The headmen, Paswan explained, share a part of the pocketed money with the job cardholder. “Yaani hazar rupaiya assured ho gaya,” he said. Assured of getting Rs 1,000 from here, the cardholder picks up some other work. MNREGA, he pointed out, is just one scheme. “Bihar runs about 20 welfare schemes that give out cash – pensions, Indira Awaas Yojana, scholarships,” he added.

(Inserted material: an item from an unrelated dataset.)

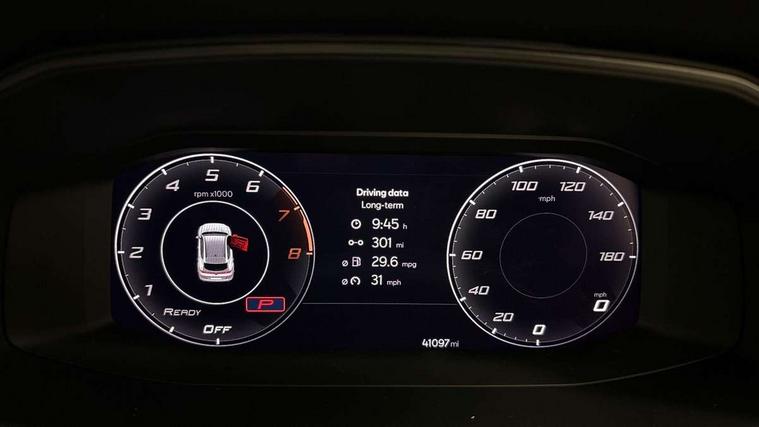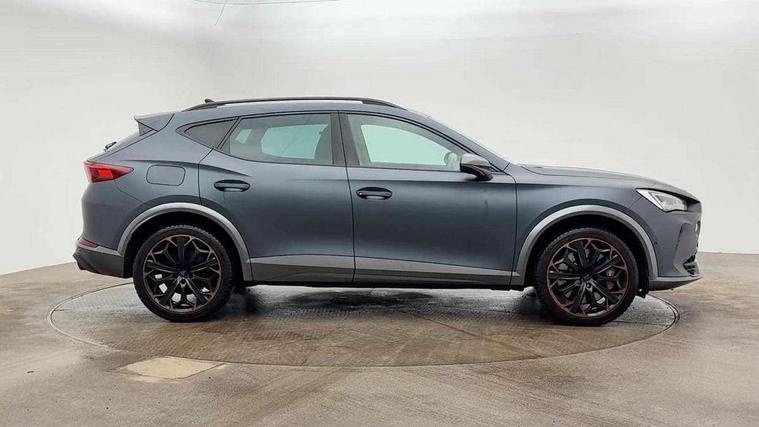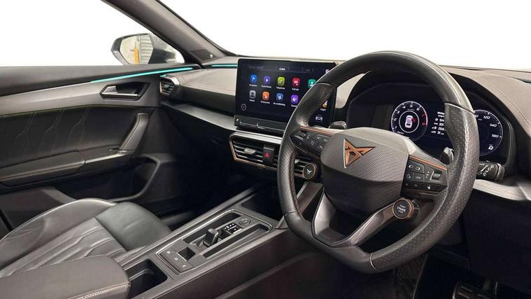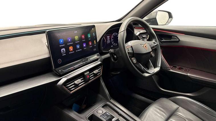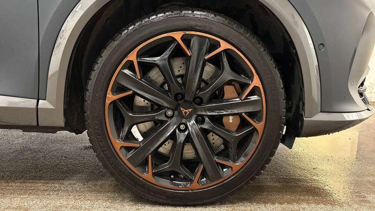 Digital cockpit and configurable dashboard, Driver alert system, Dynamic chassis control with driving profile selection (Comfort, Sport, CUPRA, Individual), Forward collision warning with automatic braking, Lane assist, Navigation system with 12'' Touchscreen Display, Park assist (inc front/rear parking sensors), Predictive adaptive cruise control with speed limiter, Rear view camera, RPM, trip computer, outside temp gauge, instrument light brightness, low fuel warning light, lights on reminder, gearshift indicator, Service interval indicator, Speed sensitive power steering, Start/stop system with regenerative braking, Virtual pedal and electric tailgate, Voice control system, Wireless apple carplay, Wireless phone charger, Electronic locking differential and dynamic traction support, Sports suspension with front shock absoption, 2 front and 2 rear USB type C sockets, Auxiliary input socket, DAB radio, Auto dimming rear view mirror, Body colour door handles, Body coloured bumpers, Dark grey wing mirror, Daytime running light with automatic headlight control and coming home feature, Dynamic headlight range control, Electric front/rear windows, Electrically adjustable heated and folding door mirrors with memory function, Front fog lamps with cornering function, Gloss black roof rails and window surrounds, LED Taillights with dynamic indicator, Matrix LED headlights, Rain sensing wipers, Rear diffuser with twin exhaust pipe on each side, Rear side wing doors, Rear wash/wipe, Sports bumpers, Third brake light, Tinted rear windows, VZ logo rear badging, Welcome lights, 12v power supply in centre console, 12V socket, 12v socket in loadspace, 2 front and 2 rear reading lights, 230V socket, 3 seat bench in 2nd row, 60/40 split rear bench seat with armrest and mechanical seat release, Black headlining, Cupra sports pedals, Dust/pollen filter, Front and rear head restraints, Front centre armrest, Height/reach adjust steering wheel, Illuminated interior front door sills, Illuminated sunvisor with mirror, Isofix, Leather heated multi-function sports steering wheel with start stop, CUPRA mode button and gear shift paddles, Luggage tie-down hooks, Single front passenger seat, Three zone climate control with control panel in rear, Variable luggage/load compartment floor, Wraparound lighting, Genuine Nappa leather Pack - Cupra, Safety and driving pack (XL) - Formentor, 3 point seatbelts on all rear seats, ABS, Brake control system - ESC and brake booster, Brembo brakes, Child proof door locks, Driver and front passenger airbags with front passenger airbag de-activation, Electronic parking brake, Front and rear disc brakes, Front side curtain airbags, Hill hold control, Public e-call, Seat belt reminder for front and rear seats, Tyre pressure monitoring system, Anti theft alarm system, Keyless entry and start system (KESSY), Locking wheel bolts, Copper and aluminium interior detailing, 19" 'Exclusive' copper and black alloy wheels, Tyre repair kit,

Together, Paswan said, these schemes blunt the marginal economics of the livelihoods that await back home. “People, if they can get a part of their household cash flow from these schemes, figure they can manage between these and some local work,” he said.
These are not large sums, of course. Pensions, as Rajkumar said, pay out Rs 400 a month. MNREGA provides about 15,000 a year. But, as Paswan said, “If the average monthly income is Rs 6,000, these schemes together might bring in another 20% or so.”
Caste and local politics play a determining role here. “About 10% of the people in the village are still deprived of all schemes,” Paswan said. They belong to the most marginalised communities. “Musahars and Mehtars,” he added, “Families where the man is not around and the woman cannot do chaploosi, or go to the block office, or to the mukhiya for fear of sexual violence.”